Based on the predictors selected by Lasso, we estimate the parameters of coefficient matrix $A^j,j=1,2,3$ by ordinary least squares. The performance is evaluated by the mean and standard deviation of the relative estimation error (denoted by REE),

$$\begin{aligned} REE_j=\sum _{i,k}\frac{\vert {\hat{A}}^j_{ik}-A^j_{ik}\vert }{A^j_{ik}},\quad j=1,2,3. \end{aligned}$$

The results of 100 simulated data for predictor selection and parameter estimation in all the three models are reported in Table 4. Compared with the results of the methods in Safikhani and Shojaie (2017), the performance of our method is better than the results of Lasso estimation both in predictor selection and parameter estimation, especially for Model 2. The REE is greatly improved, which shows that the Lasso + OLS method reduces error of the parameter estimation compared with Lasso estimation only.

Table 5 The procedure of change points selection

Full size table

Table 6 The location of change points for the traffic congestion index data

Full size table

4.2 Chinese stock market

In this subsection, we apply our method to analyze the returns of Shanghai Stock Index, Shenzhen Stock Index and Hangseng Index from September 1, 2016, to October 10, 2018, obtained from https://www.investing.com/. The log returns of three indexes are shown in Fig. 2a.

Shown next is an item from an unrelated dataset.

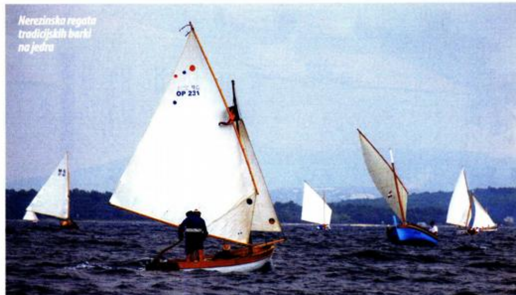
Nerezinska regata tradicijskih barki na jedra

Pomorska večer, održana u centralnom tjednu festivala, duž Rive lošinjskih kapetana oduševila je sve prisutne bogatom gastronomskom ponudom na izletničkim brodovima,

The fluctuation of the returns suggests structural changes in the volatility. Since it is well known that the square of the log returns can be regarded as a VAR process, the structural changes in volatility in the returns can be regarded as the structural changes in the VAR structure of the squared returns series. Thus, we consider the squared returns series to identify structural break points. We consider a standard version of the data to apply the Lasso algorithm. The three-dimensional squared returns series data over 519 observations are shown in Fig.2b.

The procedure of change points selection is shown in Table 5. At the first stage, the group Lasso estimation obtains 68 change points ${\hat{t}}_j,j=1,\ldots ,68$. We then select the most optimal one among each group. According to Eq. (19), there are 7 change points $({\tilde{t}}_j, j=1,2,\cdots ,7)$ be selected, which are 47, 73, 301, 352, 383, 441, 485, respectively. And finally, applying the backward elimination algorithm according to the IC criterion Eq. (20), change points 47 are deleted. We obtained the estimation for change points shown in Table 6.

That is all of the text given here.